A central goal in biology is to understand the cellular mechanisms governing biological processes, and SUMO has emerged as an important factor in nuclear protein assemblies and a distinguished mark for functionally engaged processes5. Another mechanistic feature of SUMO is to spatially target functionally related proteins6, emphasizing the importance of understanding the substrate specificity and global regulation of SUMOylation. Moreover, SUMO is essential for maintenance of genome integrity and regulation of intracellular signaling. Hence, SUMO has become an increasingly important subject of study in biological sciences and biomedicine, with the modification linked to various diseases including cancer, where SUMO or the SUMO enzymatic machinery are frequently misregulated5,7, while SUMO-mediated transcriptional regulation is required to facilitate certain types of tumorigenesis8. Similarly, alterations in SUMO regulation have been associated with ischemia9,10, Huntington’s disease11, diabetes12, and heart failure13,14. As a result, inhibitors of SUMOylation are actively being developed15, with clinical applications in mind.
To understand the functional behavior of SUMOylation in health and disease, it is pivotal to study SUMO at the endogenous level and within the confines of the relevant model systems. However, despite great biological and clinical interest, current knowledge of endogenous and systemic regulation of SUMOylation remains scarce. Although recent developments within mass spectrometry (MS)-based proteomics have facilitated insights into the extent of SUMOylation in cells16, these studies were based upon introduction of exogenously expressed, epitope-tagged, and often mutated SUMO variants. As a result, these methods are unable to investigate endogenous SUMOylation, and infeasible for in vivo tissue analyses without relying on genetic engineering.

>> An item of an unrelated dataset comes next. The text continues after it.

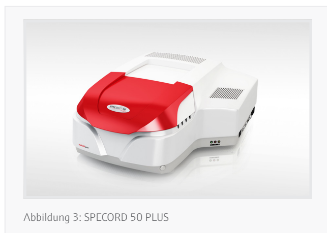
Abbildung 3: SPECORD 50 PLUS

Die hier beschriebene spektralphotometrische Methode ermöglicht wichtige Einblicke in die Entwicklung von Phytoplankton in Oberflächenwasser. Der Wasserqualitätsparameter Chlorophyll a ist eine labile Verbindung, die ein enges Fenster für eine zuverlässige Quantifizierung bietet. Jedoch ermöglicht die in DIN 38409-60 beschriebene Methode eine schnelle und genaue Bestimmung mit relativ einfacher Probenvorbereitung. Außerdem eröffnet die einfache spektralphotometrische Bestimmung einen Zugang zu verschiedensten Komponenten (z. B. anderen Chlorophyllen und Carotinoiden, Phycobilinmolekülen). So bietet das SPECORD 50 PLUS (siehe Abb. 3) eine starke spektroskopische Leistung, sowie geeignetes Zubehör zur Erfüllung der Anforderungen der Norm hinsichtlich Küvetten-schichtdicke (50 mm) und einen Küvettenwechsler für einen höheren Durchsatz (6-fach Küvettenwechsler, sowohl für 10 als auch für 50 mm Schichtdicke). Schließlich

Although SUMO was discovered 20 years ago17,18, the interest in studying SUMOylation in a biomedical context using proteomics approaches continues to grow. However, it has remained technically daunting to establish analytical strategies allowing site-specific characterization of endogenous SUMO, partly owing to the overall low stoichiometry of SUMO, along with highly active SUMO-specific proteases only deactivated under harsh buffer conditions19. Additionally, when using conventional proteomics approaches, digestion of SUMO2/3 with trypsin leaves a 32-residue mass tag on modified lysines, which complicates MS/MS analysis16. Still, contemporary approaches for studying endogenous SUMO have allowed detection of a limited number of natively SUMOylated targets at the protein level20, or have employed genetic engineering to purify proteins modified by epitope-tagged SUMO from mice21,22,23. Further, a recent approach identified a small number of putative endogenous SUMO sites24. However, all current methods fail to facilitate systems-wide analysis of specific, endogenous, native, and in vivo SUMO2/3 sites.

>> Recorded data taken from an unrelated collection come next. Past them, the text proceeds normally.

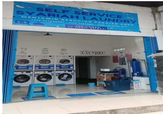
Gambar 1. Usaha Laundry “Waz Wuz Madura”

mencuci pakaiannya sendiri di mesin cuci. Namun bagi customer yang merasa kesulitan mencuci menggunakan mesin cuci, juga bisa meminta pelayanan dari penjaga kasir laundry. Keunggulan lain dari usaha laundry ini adalah selalu rutin menawarkan promo “Jumat Berkah”, dimana tiap hari Jumat seluruh customer laundry pada jam 08.00-10.00 dan 13.00-14.00 bisa mendapatkan promo cuci 1 gratis 1. Dalam usahanya, laundry Waz Wuz Madura memiliki 8 mesin pencuci dan 8 mesin pengering.
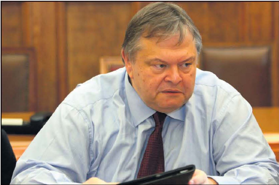
ΕΠΙΣΤΡΟΦΗ ΣΤΟ ΒΙΟΤΙΚΟ ΕΠΙΠΕΔΟ ΤΟΥ 2004 ΜΕ ΜΕΤΡΑ ΛΙΤΟΤΗΤΑΣ 6 ΔΙΣ.
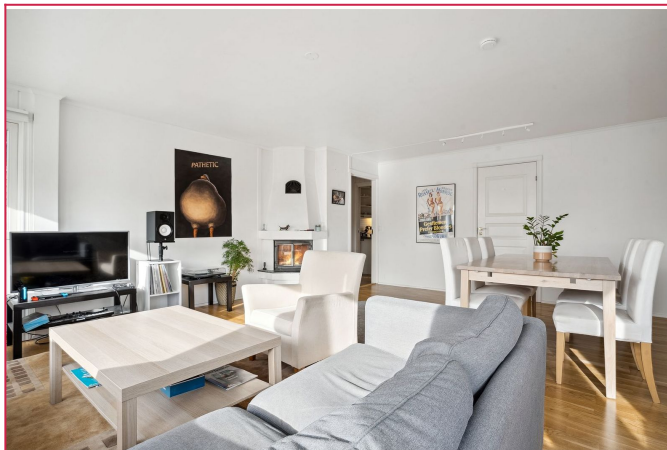
Leiligheten har en praktisk planløsning.

Given the biomedical importance of understanding the cellular architecture of endogenous SUMO2/3, we set out to map SUMOylation to great depth across cells and tissues. To this end, we developed an MS-based proteomics method that facilitates purification of peptides modified by endogenous, wild-type SUMO2/3, and therein pinpoint modified lysines. The method relies on a well-characterized antibody25, and analysis of samples with standard MS approaches and freely available software. From triplicate analyses of Human embryonic kidney 293 (HEK) cells, we identified 14,869 unique SUMO2/3 sites mapping to 3870 endogenously SUMOylated proteins. However, immortalized cancer cell lines are selected for high proliferation rates and commonly do not represent the complex biological conditions in tissues. Thus, in order to delineate the physiological differences in SUMO architecture between tissues we mapped nearly 2000 SUMO2/3 sites from single-organ analyses of eight different mouse tissues.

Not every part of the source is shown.